02:03It's a toxic mix.
02:05It's not Schroeder's talk.
02:06It's a toxic mix right now.
02:09Ten-year real yield, I'm sorry, it's a toxic mix.
02:12Where is your range bound where there's a breakout?
02:14I got the tenure here, 2.02.
02:17It's been 180, 190.
02:19Boring.
02:20At what point does that come up and get outside its recent collar, its band?
02:25Yeah, we're actually thinking about nominal yields.
02:28So if we see a break above 4.5% on the U.S. tenure, we think that would be
02:33the tipping point for equities.
02:35So we're not there yet.
02:36We do think 4.5% will hold.
02:38But if we were to break materially higher, that would cause us to reassess on the equity deal.
02:43How does China play into your – I mean, Schroeder's goes back to China.
02:46I mean, they were there like 1864.
02:48How does China play into all that we're talking about?
02:53I mean, I guess GDP's threatened, global GDP, I think Gita Gopaness is sub-3%.
02:59How does China play into all this?
03:01Yeah, when we think about the international markets, we've actually been focused on select economies.

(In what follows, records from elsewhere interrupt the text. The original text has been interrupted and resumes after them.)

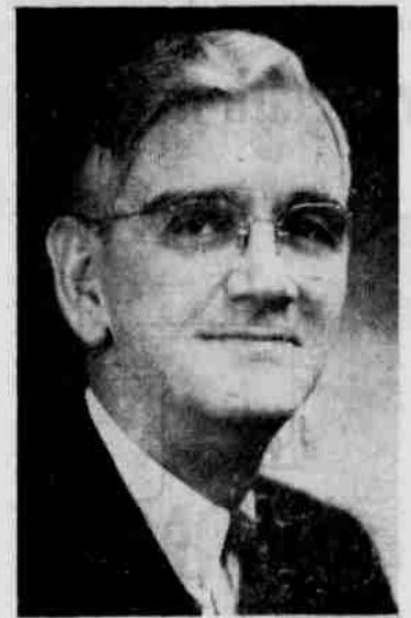
Governor PAUL PATTERSON for Governor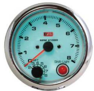
2302SEL-2 ELECTRICAL TACHOMETER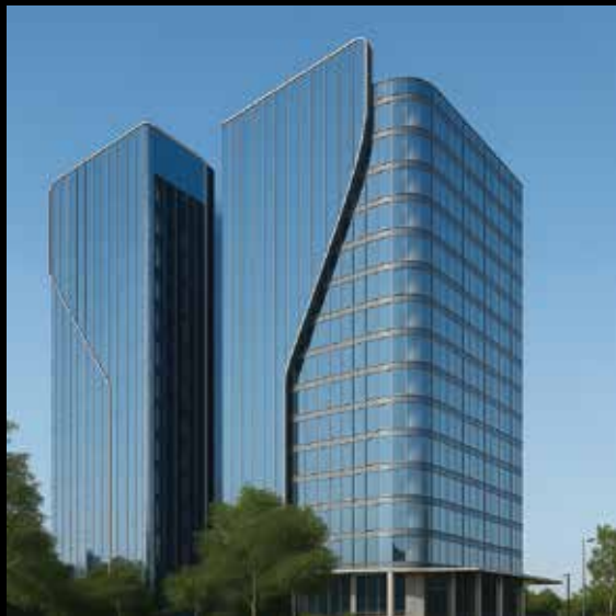
Phoenix Business Hub

With landmark collaborations across India's top developments, South Glass continues to shape the skyline with precision and trust.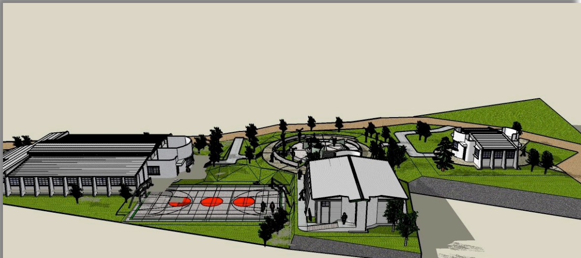
Architectural Drawing: San José Nueva Esperanza Urban Center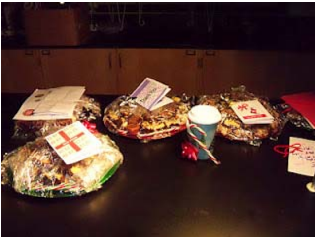
Platters are complete! They looked too good to eat.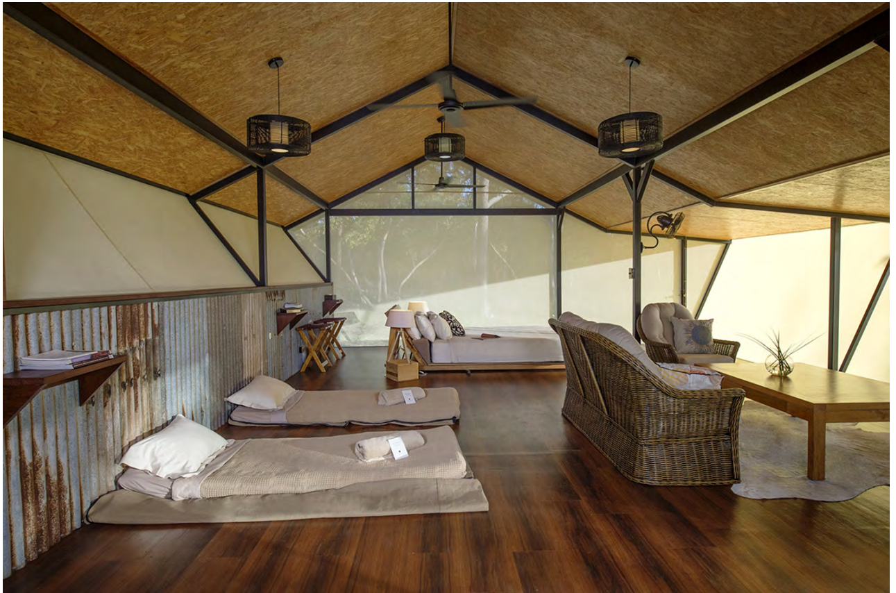
At Bamurru Plains, children (over 6) sleep in 'Swag Bags', whilst parents get the full bedonistic treatment, with super-comfortable beds and linens.

by bacon and various relishes, freshly baked muffins, muesli, yoghurt and so on. This sets you up for an early morning excursion with one of the Guides; an airboat safari across the floodplains, perhaps, or bird-watching from The Hide, a river cruise, game drive or guided walk. You choose. Then it's lunch at the Hide, or on the wild-life observation deck; with salads and such to keep you going until canapé and sun-downer time, which is followed by a 3-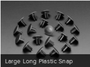
Large Long Plastic Snap

03:07So less emphasis on China this year, more on the Asia tech, Korea, Taiwan, where you do have that memory
03:13in the semiconductor cycle that continues to power through and support the fundamental outlook that I spoke about with equities.

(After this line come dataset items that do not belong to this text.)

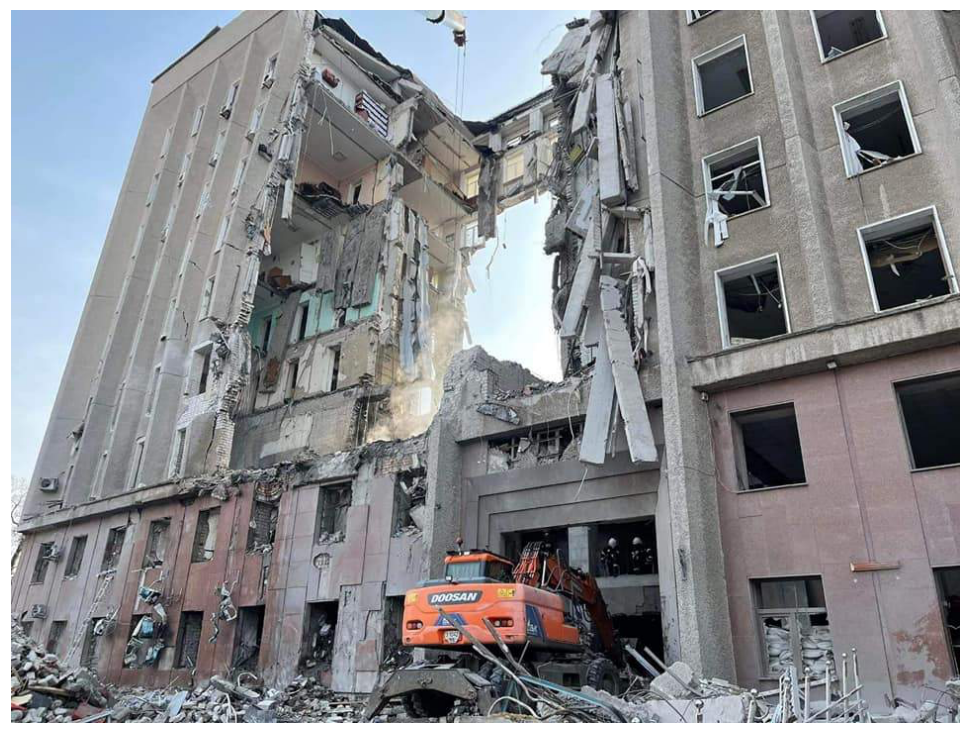
A Russian rocket strike on a building in Mykolaiv, Ukraine, 29 March 2022, in which dozens were killed or injured

The biggest game-changer for the Sino–Russian partnership could be if Putin's invasion succeeds in achieving all or most of its current objectives: annexation of the whole of the Donbass; capture of the port city of Odessa; and closing off Ukraine's access to the Black Sea. If Putin were able to parlay these successes into forcing Kyiv to sue for a humiliating peace — his original purpose — the Kremlin's victory would be near-complete. Ukraine would remain formally independent, but no longer sovereign in the proper sense. It might have "neutral" status, but this would be a miserable version of the Finlandisation model advocated by some.<sup>43</sup> Ukrainian foreign and security policy would be dictated out of Moscow, and the economy would be emasculated.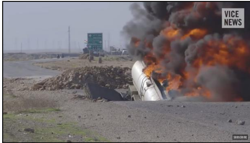
Figure 4. Peshmerga attack from East (video link)

While some Kurdish fighters attacked from the north, others moved from the east and the west of Sinjar to cut off ISIL's supply line along highway 47 between Mosul and Raqqa. Fighters, mostly PKK, attacked from the west while a predominately Peshmerga force attacked from the east. ISIL utilized practiced techniques in attempting to prevent its supply line from being cut and its units surrounded. ISIL used marksmen, snipers, ambushes, IEDs, and suicide bombers along the road and in the city to block movement. The coalition force eventually cleared the road after a few days of slow and cautious movement. Most of the ISIL fighters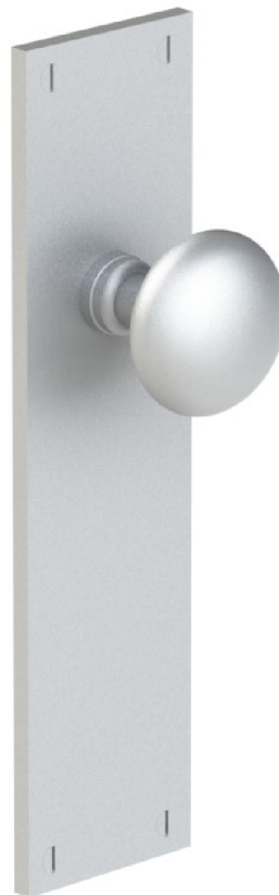
Shown above: 51433 escutcheon plate with 47134 knob

Please specify lock and knob/lever design

03:19I think coming into 2026, one of the, I guess, more favorite trades was continued weakness in the U.S.
03:27dollar.
03:28That's turned around.
03:29Yes.
03:29So how do you think about the currency markets in the dollar here?
03:32Yeah, so we have upgraded our view on the dollar.

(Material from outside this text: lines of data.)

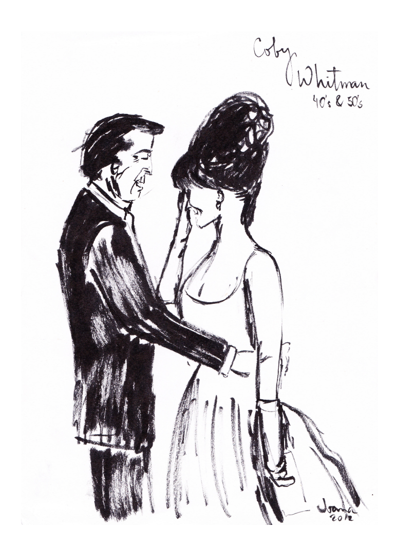
Illustration United Kingdom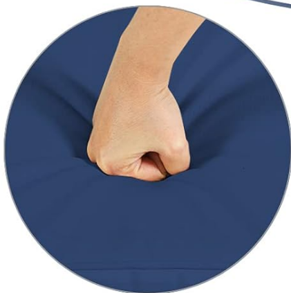
Resilient Sponge Cushion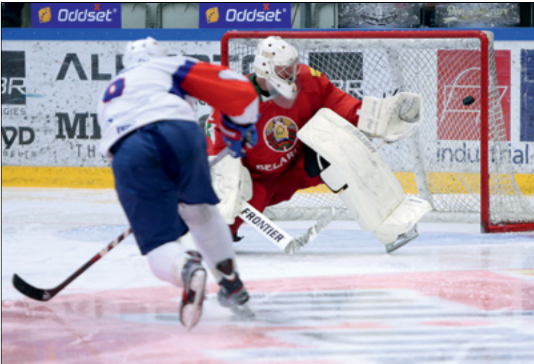
A key win against favourites Belarus in the opening game helped clear Slovenia's path to the Games.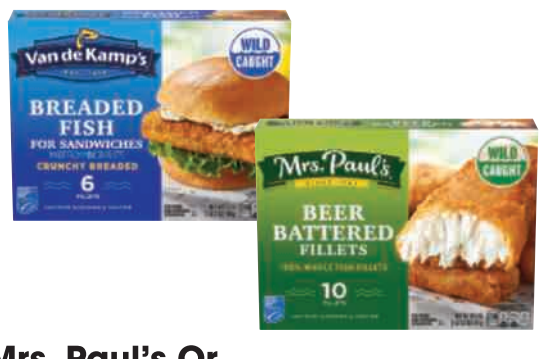
Mrs. Paul's Or

LIMIT ONE COUPON PER PURCHASE. ANY OTHER USE CONSTITUTES . Van de Kamp's FRAUD. Void if sold, copied, transferred, altered, prohibited or restricted. Good only in the USA and APO/FPO post office addresses. Consumer: No other coupon may be used with this coupon. Consumer pays any sales tax and will not receive any credit or cash back if coupon value exceeds purchase price. "2022 Conagra Brands, Inc. All Rights Reserved. ____ ... 18-24.6 oz. box

03:35We like to play the dollar versus the euro.
03:37Clearly, when it comes to U.S. exceptionalism, one of the bedrocks of that has been energy independence, and investors
03:44are now reminded of that.
03:45That being said, if you were to ask me in February where do I think the dollar would trade, euro
03:50dollar, more likely 1.1 instead of 1.15 where we are today.
03:56So you still see there is a bit of a political risk premium embedded in the dollar, which we think
04:00will persist.
04:01Did you participate in the Korean moonshot, the Kospi moonshot?
04:07Oh, yes.
04:08We have favored Asia tech, and the reason for that is because there is clearly within the A.I. space
04:15in the U.S., there is clearly a battle that's playing out between the A.I. winners and losers.
04:19When we think about which parts of the market are going to be more agnostic to that battle, we think
04:24it's Asia tech, Korea, Taiwan, which has led us to be long those markets since the middle of last year.
04:31Wow.
04:32So talk about alpha generating.
04:35I mean, to me, Kospi is the roulette wheel of Asia.
04:38That's the first thing I looked at every morning as well.
04:42Quickly here, what is your insight for people scared stiff?
04:48I think the thing to remember is that when it comes to geopolitical shocks like this, they are, while often
04:54scary in the moment, they are short-lived when you compare to other sort of shocks like a labor market
04:59weakening or higher rates.
05:01And so we do just have to bear that in mind when thinking about in the fog of war, we
05:05need to focus on what we know and what we know is the fundamentals at this point.